■ RECORD EXTRACTS:
* * *

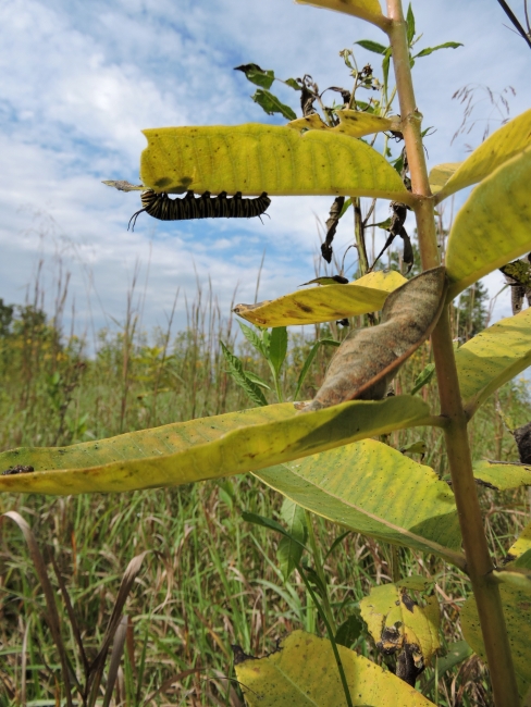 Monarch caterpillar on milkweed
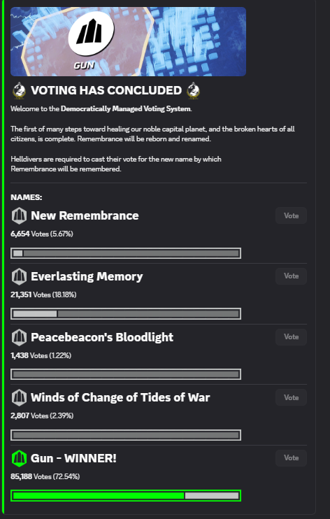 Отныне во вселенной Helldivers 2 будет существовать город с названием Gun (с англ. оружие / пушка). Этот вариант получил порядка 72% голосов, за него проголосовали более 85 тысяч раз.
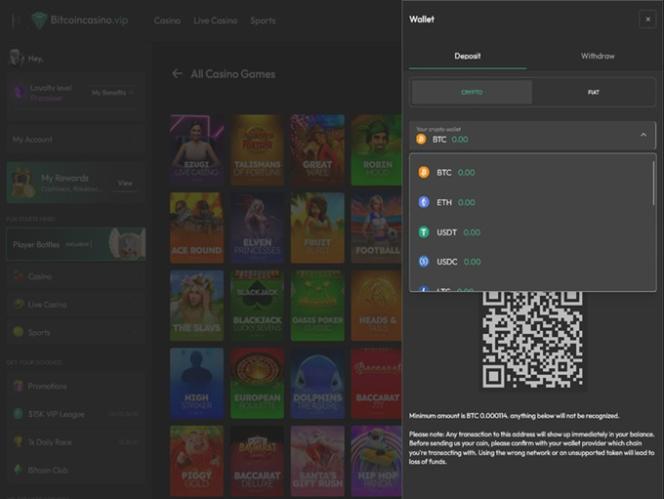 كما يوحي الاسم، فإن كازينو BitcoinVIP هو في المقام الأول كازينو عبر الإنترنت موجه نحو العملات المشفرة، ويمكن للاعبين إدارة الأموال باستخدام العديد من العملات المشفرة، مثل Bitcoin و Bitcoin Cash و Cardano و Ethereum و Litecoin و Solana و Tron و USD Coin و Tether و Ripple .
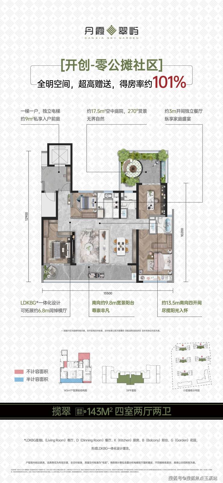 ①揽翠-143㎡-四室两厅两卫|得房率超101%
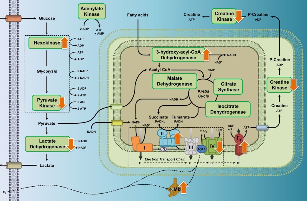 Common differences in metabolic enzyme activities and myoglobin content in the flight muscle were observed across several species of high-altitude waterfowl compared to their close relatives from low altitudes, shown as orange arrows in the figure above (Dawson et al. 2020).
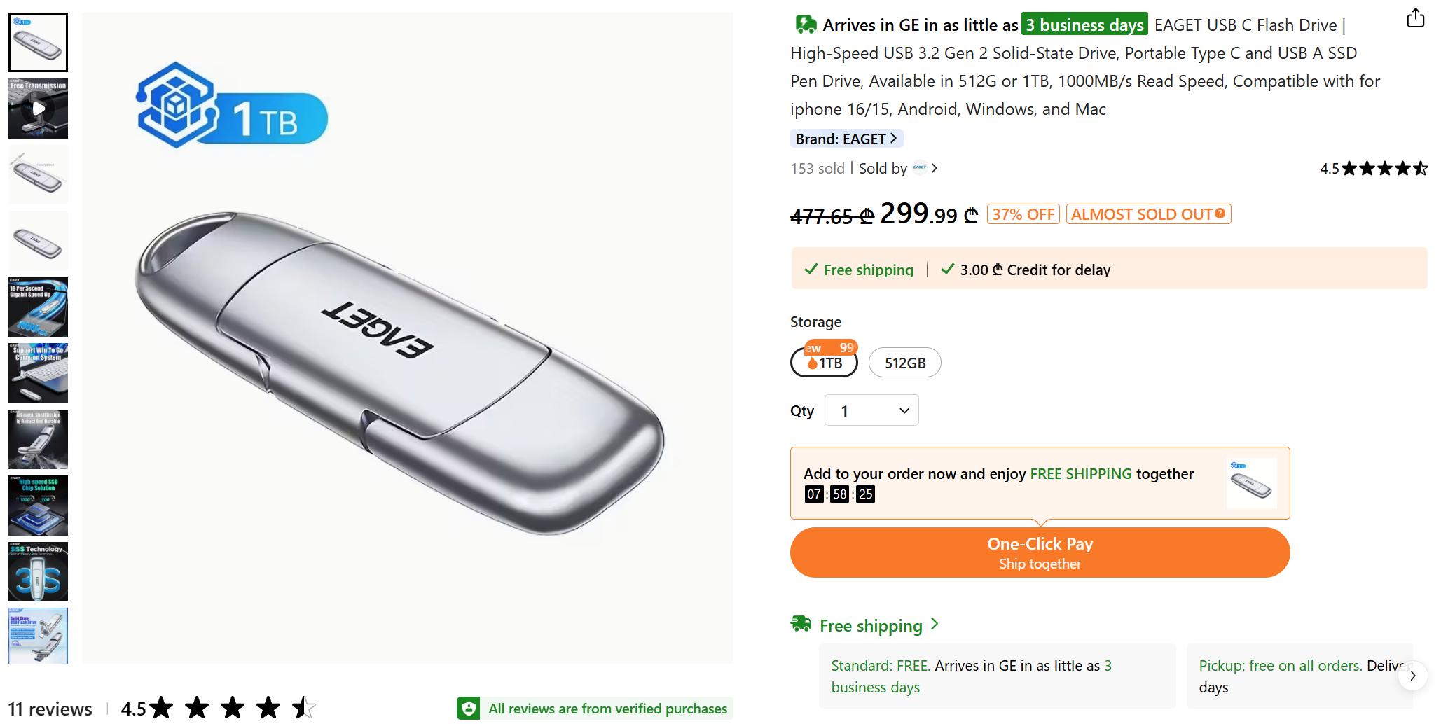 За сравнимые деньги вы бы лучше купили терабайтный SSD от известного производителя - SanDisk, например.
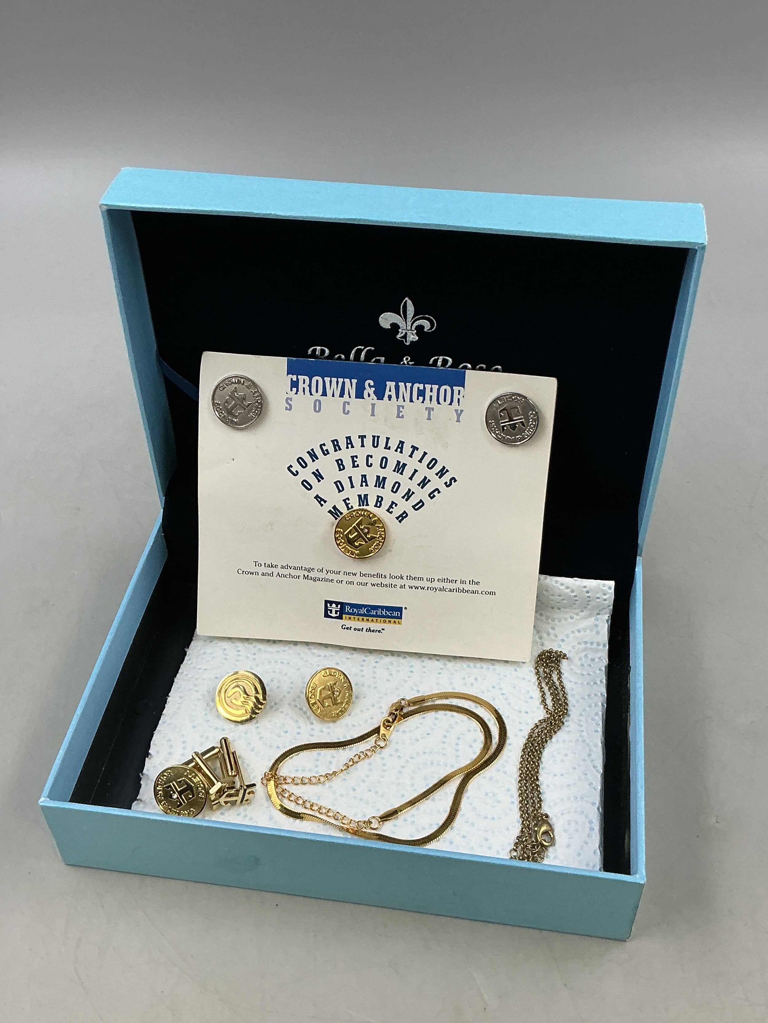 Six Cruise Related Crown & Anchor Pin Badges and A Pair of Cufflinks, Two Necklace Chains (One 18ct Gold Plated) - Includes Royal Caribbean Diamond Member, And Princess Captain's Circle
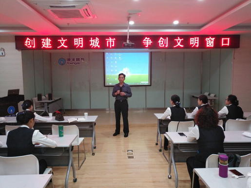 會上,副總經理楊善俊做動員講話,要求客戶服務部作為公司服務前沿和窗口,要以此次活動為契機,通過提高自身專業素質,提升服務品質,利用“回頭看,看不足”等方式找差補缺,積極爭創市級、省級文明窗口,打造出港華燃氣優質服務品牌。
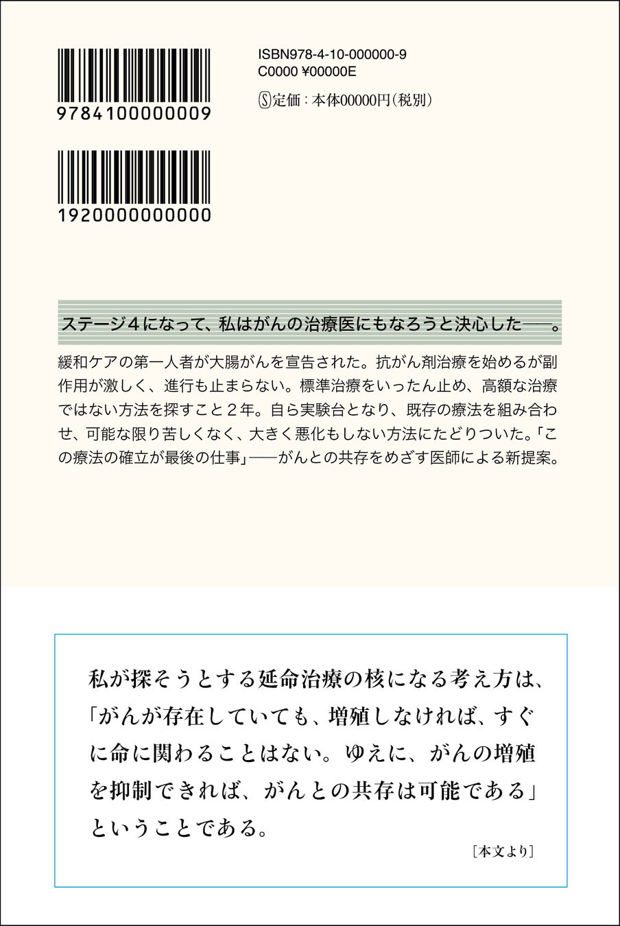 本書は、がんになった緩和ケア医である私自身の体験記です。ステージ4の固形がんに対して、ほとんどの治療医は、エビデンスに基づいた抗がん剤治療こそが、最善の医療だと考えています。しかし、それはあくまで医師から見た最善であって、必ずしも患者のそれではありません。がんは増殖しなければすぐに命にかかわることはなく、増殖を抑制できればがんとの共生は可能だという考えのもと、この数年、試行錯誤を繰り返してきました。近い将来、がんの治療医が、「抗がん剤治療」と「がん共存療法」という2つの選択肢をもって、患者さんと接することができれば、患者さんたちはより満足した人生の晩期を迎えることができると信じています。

* * *

■ EXERCISE DESCRIPTION: With images left out, the data must be transcribed exactly.

■ RESPONSE TO THE TASK:
 Monarch caterpillar on milkweed
 Отныне во вселенной Helldivers 2 будет существовать город с названием Gun (с англ. оружие / пушка). Этот вариант получил порядка 72% голосов, за него проголосовали более 85 тысяч раз.
 كما يوحي الاسم، فإن كازينو BitcoinVIP هو في المقام الأول كازينو عبر الإنترنت موجه نحو العملات المشفرة، ويمكن للاعبين إدارة الأموال باستخدام العديد من العملات المشفرة، مثل Bitcoin و Bitcoin Cash و Cardano و Ethereum و Litecoin و Solana و Tron و USD Coin و Tether و Ripple .
 ①揽翠-143㎡-四室两厅两卫|得房率超101%
 Common differences in metabolic enzyme activities and myoglobin content in the flight muscle were observed across several species of high-altitude waterfowl compared to their close relatives from low altitudes, shown as orange arrows in the figure above (Dawson et al. 2020).
 За сравнимые деньги вы бы лучше купили терабайтный SSD от известного производителя - SanDisk, например.
 Six Cruise Related Crown & Anchor Pin Badges and A Pair of Cufflinks, Two Necklace Chains (One 18ct Gold Plated) - Includes Royal Caribbean Diamond Member, And Princess Captain's Circle
 會上,副總經理楊善俊做動員講話,要求客戶服務部作為公司服務前沿和窗口,要以此次活動為契機,通過提高自身專業素質,提升服務品質,利用“回頭看,看不足”等方式找差補缺,積極爭創市級、省級文明窗口,打造出港華燃氣優質服務品牌。
 本書は、がんになった緩和ケア医である私自身の体験記です。ステージ4の固形がんに対して、ほとんどの治療医は、エビデンスに基づいた抗がん剤治療こそが、最善の医療だと考えています。しかし、それはあくまで医師から見た最善であって、必ずしも患者のそれではありません。がんは増殖しなければすぐに命にかかわることはなく、増殖を抑制できればがんとの共生は可能だという考えのもと、この数年、試行錯誤を繰り返してきました。近い将来、がんの治療医が、「抗がん剤治療」と「がん共存療法」という2つの選択肢をもって、患者さんと接することができれば、患者さんたちはより満足した人生の晩期を迎えることができると信じています。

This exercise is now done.